Oh yeah definitely, I’m aiming to code it so it’s completely library independent besides maybe LWJGL or whatever I’m going to use for OpenGL. Maybe have an OpenCL and OpenGL/shader version, though due to the nature of the algorithm shaders would be much faster I think. I’m just using LibGDX to take the data computed by my library and render it for ease of use right now. I’ll make sure to let you know. 3D support is already under way. I’m not even trying to run it at decent speeds until I implement it in GLSL so I can just use 3d textures.

Finished my first ever blog post: Asset Loading in LibGDX
Our website is not yet finished, so don’t judge :wink:

I’ve managed to get myself a software developer apprenticeship! Its not Java though, its C#; but learning Java in my spare time has helped me with the basics of C# as they are fairly similar.

Once again I find myself using @Roquen’s Grab Bag of curiosities in earnest for a project.
A fantastic resource and many thanks again.

I’m using LCG64 to get a reliably random and speedy sequence of numbers needed to generate some terrain for Battledroid. @theagentd and I will reveal all in a few weeks. (Yes, he is once again enslaved).

Cas :slight_smile:

Non-Java, but programming related: I received my first paycheck yesterday from a startup I have been working with (with request not to deposit it until tomorrow). Not much money, but they are basically paying me to learn as I go and giving me valuable work experience. Project involves VR (using JavaScript / AFrame library).

We had a meeting yesterday where I had to show work done so far. Fortunately, I think I chose well and got a few key things working very smoothly, rather than trying to do too much. For example, an animation (fade to black) for transitioning between “rooms” that people neither noticed or remarked about, as it was glitch free (not easy to achieve).

Museum staff felt good enough about the progress that my boss was approached about working on a grant for an additional project, which pleased him immensely.

I want to comment on JavaScript and on adding operator overloading to Java.

With physical work, (e.g., involving sacks of cement, say), the size of the bags have evolved to something that an good strong male worker can hoist around (I’m thinking of the 100# bags I dealt with, years ago). Now, if the work force were of people of smaller physical stature (e.g., included many women), it would be more efficient if the bags were sized to a slightly lower maximum. Does this make sense?

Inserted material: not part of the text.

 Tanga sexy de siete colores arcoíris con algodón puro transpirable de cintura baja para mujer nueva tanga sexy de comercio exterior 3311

The point I want to make is that there is a mental correlation: working memory (similar but not to be confused with short-term memory). Young brains can juggle more items at one time than older brains. Maybe I can only track 5 or 6 thoughts at the same time, rather than 8 or 9 like a twenty-something programmer. I think it must be tempting to push the limits of what one can juggle. But having too much stuff to keep track of at the same time ends up being counter-productive. Operator overloading, it seems to me, adds to the load on human “working memory.” A better form for the leveraging of complexity is via “chunking,” which I take as encapsulating or grouping functionality in a single entity (e.g., a class, a function, a subroutine).

I don’t often see discussions about the merit of languages talk much about the human “working-memory” demands of that language.

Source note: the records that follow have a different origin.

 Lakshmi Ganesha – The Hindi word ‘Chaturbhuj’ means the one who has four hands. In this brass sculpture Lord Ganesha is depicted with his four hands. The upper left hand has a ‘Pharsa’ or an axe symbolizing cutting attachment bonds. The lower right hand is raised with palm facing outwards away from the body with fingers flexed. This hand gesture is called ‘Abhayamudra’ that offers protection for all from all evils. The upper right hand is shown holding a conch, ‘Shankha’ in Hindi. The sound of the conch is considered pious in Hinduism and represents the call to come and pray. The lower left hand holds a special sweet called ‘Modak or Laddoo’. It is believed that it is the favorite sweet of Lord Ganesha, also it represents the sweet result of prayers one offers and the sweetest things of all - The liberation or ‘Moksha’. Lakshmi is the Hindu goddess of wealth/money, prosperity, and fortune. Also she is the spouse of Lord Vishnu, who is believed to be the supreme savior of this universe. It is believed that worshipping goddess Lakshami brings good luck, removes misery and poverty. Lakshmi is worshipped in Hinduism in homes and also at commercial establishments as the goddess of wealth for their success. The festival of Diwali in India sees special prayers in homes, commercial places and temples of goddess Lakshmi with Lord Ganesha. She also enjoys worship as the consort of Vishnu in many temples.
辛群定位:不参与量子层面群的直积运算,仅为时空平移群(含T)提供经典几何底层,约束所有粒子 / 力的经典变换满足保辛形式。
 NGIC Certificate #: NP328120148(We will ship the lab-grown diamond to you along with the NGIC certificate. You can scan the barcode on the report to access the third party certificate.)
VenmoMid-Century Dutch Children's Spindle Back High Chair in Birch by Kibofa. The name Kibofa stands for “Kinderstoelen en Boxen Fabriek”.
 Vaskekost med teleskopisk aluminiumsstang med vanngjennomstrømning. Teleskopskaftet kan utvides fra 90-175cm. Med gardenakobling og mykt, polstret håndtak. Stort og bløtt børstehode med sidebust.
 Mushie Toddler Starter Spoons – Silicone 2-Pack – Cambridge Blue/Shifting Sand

JavaScript makes pretty high demands, it seems to me. I’m still not able to easily tell something that is usually pretty obvious in Java: a given variable’s scope and whether its use in a statement is subject to closure or not. Maybe you’ve seen the articles on “favorite interview questions” as examples. I can link one if needed. I truly hope Java doesn’t go down the path of adding functionality that increases the human working-memory load.

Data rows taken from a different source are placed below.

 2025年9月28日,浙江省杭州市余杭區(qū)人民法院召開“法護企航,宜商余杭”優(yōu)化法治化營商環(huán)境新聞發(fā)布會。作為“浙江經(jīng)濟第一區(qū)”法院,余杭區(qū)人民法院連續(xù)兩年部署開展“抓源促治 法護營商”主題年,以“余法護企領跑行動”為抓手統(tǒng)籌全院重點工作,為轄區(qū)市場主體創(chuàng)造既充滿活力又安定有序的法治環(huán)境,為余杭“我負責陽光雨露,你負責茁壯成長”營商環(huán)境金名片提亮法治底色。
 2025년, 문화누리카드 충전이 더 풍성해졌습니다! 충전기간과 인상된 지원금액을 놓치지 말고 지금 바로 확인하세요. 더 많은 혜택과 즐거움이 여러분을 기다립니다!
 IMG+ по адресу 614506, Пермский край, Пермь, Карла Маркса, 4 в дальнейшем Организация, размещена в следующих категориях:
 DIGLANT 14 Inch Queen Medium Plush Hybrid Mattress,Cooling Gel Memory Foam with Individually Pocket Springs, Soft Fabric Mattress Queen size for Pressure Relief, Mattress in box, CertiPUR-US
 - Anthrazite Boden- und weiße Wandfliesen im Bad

Life’s been tough on me the last few weeks, especially the last few days, so I decided to do some extra fun coding this weekend.

3-4 years ago I made some threads about an extreme scale space game with realistic Newtonian physics. The game would require simulating a huge number of objects affected by gravity, with extreme speed collision detection. I am talking 100k+ ships, each orbiting a planet at 10km/second, with accurate collision detection. The technical challenges are enormous. After some spitballing here on JGO, I ended up implementing a test program using fixed-precision values (64-bit longs) to represent positions and velocities to get a constant amount of precision regardless of distance from origin. Simple circle-based collision detection was handled by sorting the ships along the X-axis, then checking collisions only for ships that overlap along the X-axis. The whole thing was completely multi-threaded, and I even tried out Riven’s mapped struct library to help with cache locality. Even sorting was multithreaded using my home-made parallel insertion sort algorithm, tailor-made for almost-sorted data sets (the order along the X-axis did not change very quickly). It scaled well with more cores, but was still very heavy for my poor i7.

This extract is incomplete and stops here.